* Problem requirements: Repeat each line of the data below exactly, but skip the pictures.

* Source material:
------------------------------

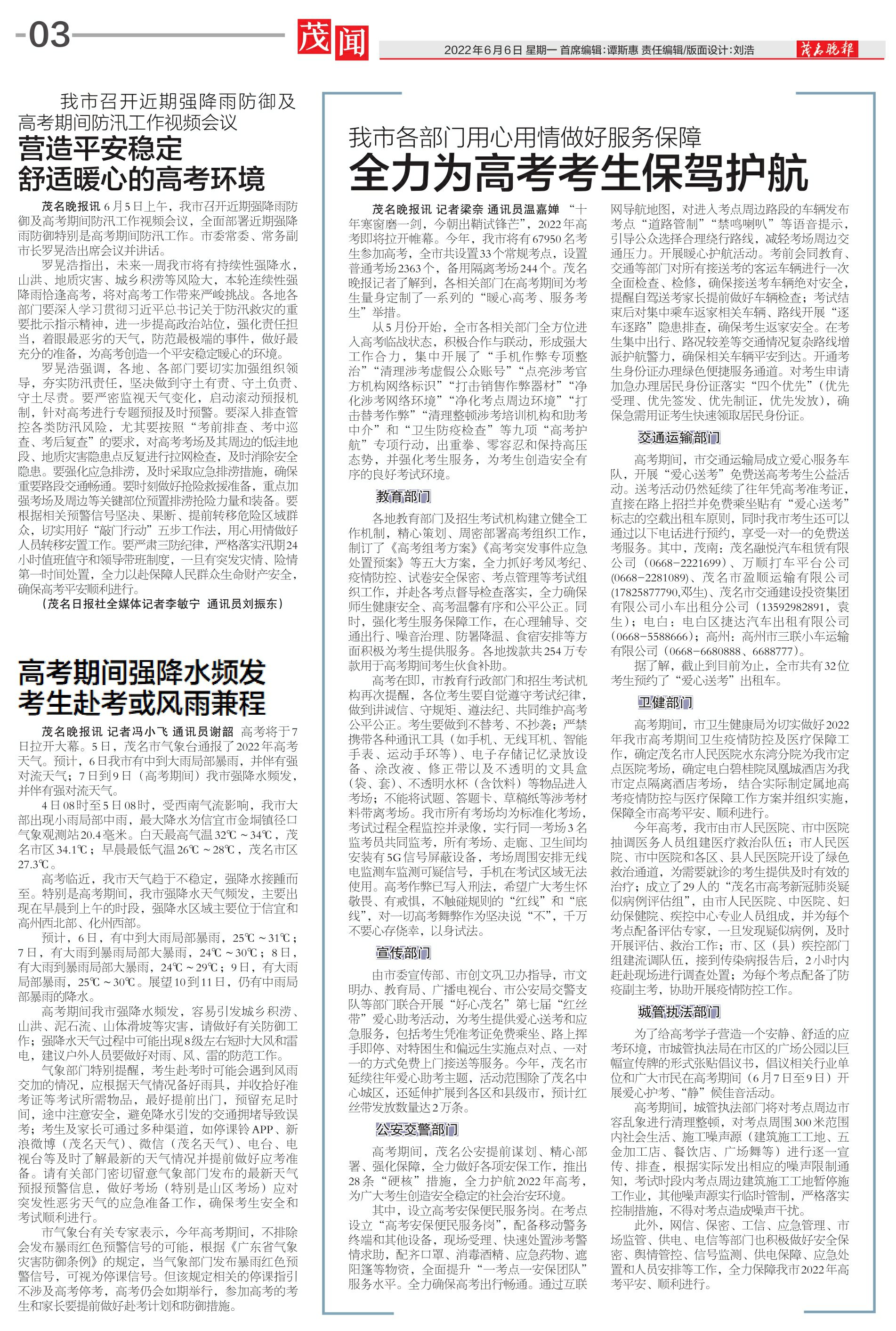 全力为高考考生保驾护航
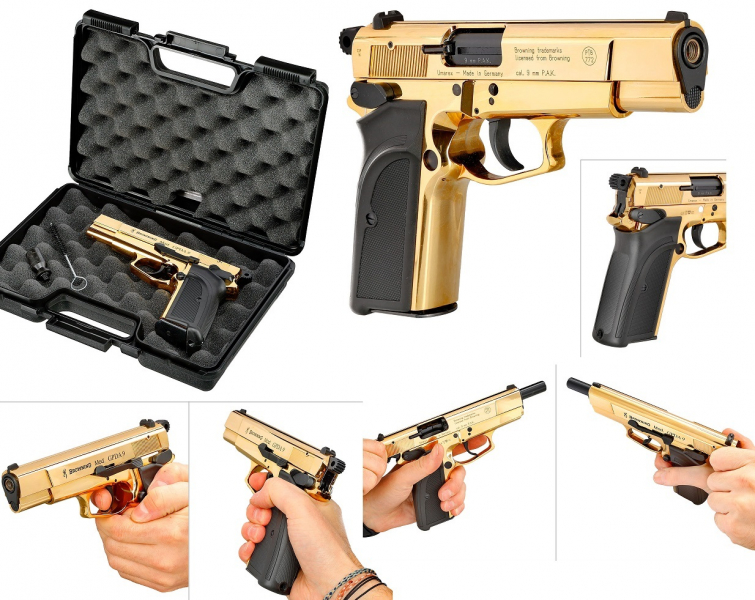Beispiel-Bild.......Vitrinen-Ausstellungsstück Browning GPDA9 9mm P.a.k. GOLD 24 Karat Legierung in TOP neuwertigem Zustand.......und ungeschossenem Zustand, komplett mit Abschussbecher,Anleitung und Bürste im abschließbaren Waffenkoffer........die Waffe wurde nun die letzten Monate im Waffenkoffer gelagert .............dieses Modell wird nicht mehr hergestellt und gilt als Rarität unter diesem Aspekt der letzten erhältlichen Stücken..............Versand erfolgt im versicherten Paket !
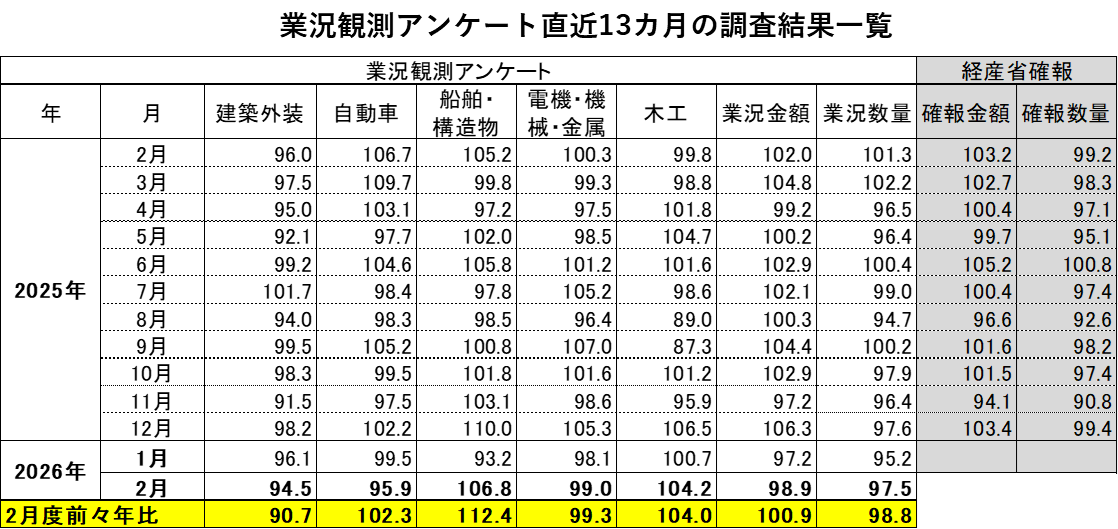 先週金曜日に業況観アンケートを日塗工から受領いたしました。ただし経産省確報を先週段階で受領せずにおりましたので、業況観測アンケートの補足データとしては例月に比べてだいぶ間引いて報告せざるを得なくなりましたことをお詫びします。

------------------------------

* Expected answer:
 全力为高考考生保驾护航
Beispiel-Bild.......Vitrinen-Ausstellungsstück Browning GPDA9 9mm P.a.k. GOLD 24 Karat Legierung in TOP neuwertigem Zustand.......und ungeschossenem Zustand, komplett mit Abschussbecher,Anleitung und Bürste im abschließbaren Waffenkoffer........die Waffe wurde nun die letzten Monate im Waffenkoffer gelagert .............dieses Modell wird nicht mehr hergestellt und gilt als Rarität unter diesem Aspekt der letzten erhältlichen Stücken..............Versand erfolgt im versicherten Paket !
 先週金曜日に業況観アンケートを日塗工から受領いたしました。ただし経産省確報を先週段階で受領せずにおりましたので、業況観測アンケートの補足データとしては例月に比べてだいぶ間引いて報告せざるを得なくなりましたことをお詫びします。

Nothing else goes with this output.